Health
Daydreaming on the Job? Why Giving People Space to Sit and Ponder Pays Off

I have been a mighty daydreamer for a very long time. Daydreams are a magnetic pull for me. What begins as a glance at a small object blurs into the depths of my mind until I pull myself out of my reverie and go back to the matter at hand. I always feel refreshed when I return back to “normal.” The reverie serves as a type of marinating time for my new ideas.
As a child, I was chided by my teachers. Now I can point to thought leaders on the neuroscience of creativity to defend my propensity to daydream. Research shows that innovation happens not during our intentional, laser-focused modes but when we are daydreaming.
Daydreaming leads to wonder. Pay attention to how many times you, your colleagues, and your teammates begin a sentence with, “I wonder if…” or “I wonder what might happen when…” Observe what follows those two words, “I wonder…” What we begin to wonder about leads us to the precipice of discovery. Therein lies the magic. It is more concerning if you and those around you are not starting their sentences with “I wonder…” That admittance of ignorance and curiosity is critical to innovation.
Wonder, the component of creativity that requires pausing and asking big, audacious “What if…?” questions, requires a space of doing nothing. With our fast-paced, just-in-time expectations, this may be a radical proposition for many organizations and individuals. We don’t schedule enough time to wonder in our typical workday because we’re rushing from one meeting to the next. When faced with uncertainty, we tend to scramble and worry, when we should be giving ourselves real time to sit and think it through.

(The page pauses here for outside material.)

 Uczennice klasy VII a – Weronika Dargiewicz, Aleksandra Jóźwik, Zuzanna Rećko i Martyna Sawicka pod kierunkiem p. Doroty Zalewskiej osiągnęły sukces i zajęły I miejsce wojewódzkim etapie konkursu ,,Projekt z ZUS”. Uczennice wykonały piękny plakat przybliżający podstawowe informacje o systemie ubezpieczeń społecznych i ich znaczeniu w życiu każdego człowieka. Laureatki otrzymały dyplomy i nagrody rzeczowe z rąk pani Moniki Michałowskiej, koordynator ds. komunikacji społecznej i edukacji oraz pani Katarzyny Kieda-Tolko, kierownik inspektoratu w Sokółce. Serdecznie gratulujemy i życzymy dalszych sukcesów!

I give myself 5-minute timed breaks to daydream out a window each day. It truly helps me return to the task at hand with an energized and refreshed focus. Our brains need the space and time for neural synapses to shift away from deep, focused work so that new ideas emerge. Along with daydreaming, play is one of the best ways to spark wonder. When we play, we engage in lateral thinking, experimentation, problem-solving, and alternative reality envisioning. What better way to prime our minds for any intensive strategy work that awaits us?

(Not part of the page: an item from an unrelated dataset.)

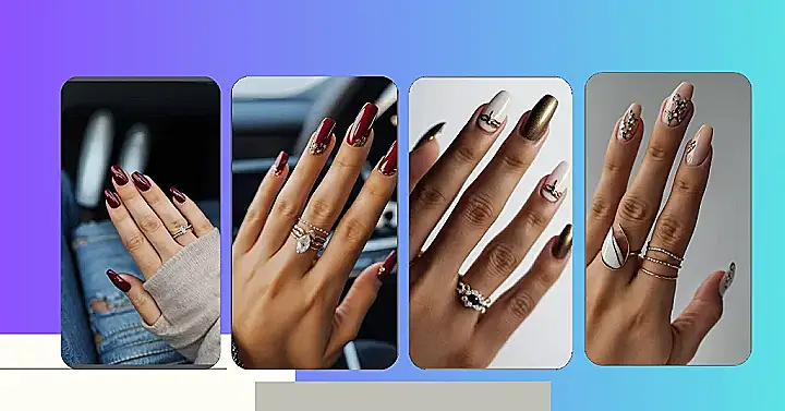This fall, forget the boring old pumpkin spice latte ‚Äì your nails are about to get a royal makeover! Forget those basic solid colors ‚Äì these nails are rocking a fancy burgundy with shimmery gold details. It’s like a fancy Thanksgiving dinner on your fingertips, but way cooler!

To effectively activate creativity, wonder needs a partner and counterpoint. Therefore, be sure to also design time into your day for rigor. Rigor is a deep skill, time on a task, and honing discipline. Some workplaces disguise meetings, procedures, and rulebooks as rigor. But rigor demands a personal investment. Rigor is that essential feature of creativity that anchors the wonder; puts guardrails up; and requires us to do the sweaty, muscle-bound work with whatever muse we choose. Rigor is often solitary and can feel monotonous, but it is crucial if we are ever to go about the work of creativity in a sustained way. Rigor is the grit and resilience that creativity requires for the long haul. Rigor ensures that we actually complete the leap we started.

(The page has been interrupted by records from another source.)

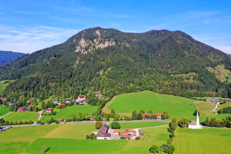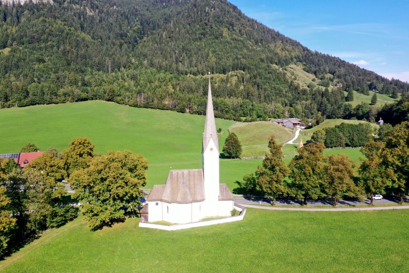| Die Kirche St. Leonhard in Fischhausen. Deutschland, Bayern 12.09.2023 Flug Nr. mp112 |
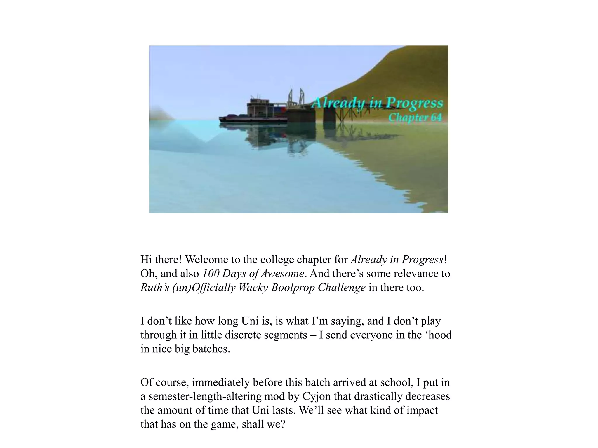 This document provides updates on several Sims attending university. Nicholas had issues with cheating at chess but bonded with Vyn through dancing. His relationship with Vyn was nearly romantic but didn't achieve the highest level. Helen and Alexander went on unsuccessful dates after not seeing each other for years. Georgiana had a successful college experience, pledging a sorority and staying in a relationship with Paul. Paul socialized regularly and had a good university experience overall. Trudy's time at university is also briefly discussed.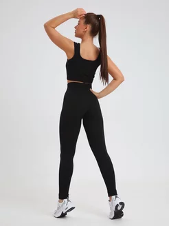 Лосины спортивные с высокой посадкой леггинсы в рубчик

Toggling between wonder and rigor is what makes innovation possible. Our brains are always trying to work more efficiently by balancing regions and conserving energy. When doing hard and tedious tasks (filing taxes would be an example for me!) our brains sometimes experience interference. There is too much going on in the default region. A neuroscientist who studies creativity and founder of PlatoScience, Balder Onarheim, explains: “We tend to center our cognitive capacity in the frontal region—for memory tasks. When we do that, we limit the activity in the default network regions, where we have unconscious and subconscious processing. When you take a break to shower, run or cook a meal, you release tension in the front and get more activity in the default network, in the back of your brain.”
Here are a few examples of ways to cultivate wonder and rigor:
Use downtime to get better at something you’ve been faking being good at.
Watching a YouTube tutorial is one way to get a fine-tuned lesson. Or maybe dig into your existing work with a fresh outlook. You may decide to do a complete and thorough re-work of your business model and identify new strategic partners. Get into a zone and deliberate in minutiae instead of just glossing over the details.
Structure your daydreaming with “quietstorming.”
This can be done solo or in a small group. Choose a topic, and frame it as a “How might I…?” question. Set a timer for 2 minutes and quietly ideate on the question—no talking, just silence, and writing down ALL of the ideas that emerge. You are going for quantity over quality. When time is up, sort and sift your ideas into categories. If in a team, share and compare with 1-2 people.
Hold quietstorming sessions to come up with innovative solutions.
Choose a topic. Set a timer for 90 seconds for each of the following prompts, in succession.
- List as many WHY questions as possible.
- Then build on those WHY questions and list as many WHAT IF questions as possible.
- Finally, build on the WHAT IF questions and list as many HOW questions as possible.
- Remember that asking questions is a way of thinking. The HOW questions you have generated become calls to action.
Set aside one hour a week for a Rigor Sprint, a deep-dive focus on a particular question.
The question could be around a client’s problem or related to an internal bottleneck at the office that needs a workaround. Allow people to go off to their own sequestered areas to work quietly and then report back.
Commit the time and space for daydreaming, wonder, and rigor. The more regularly you do, the easier they will become.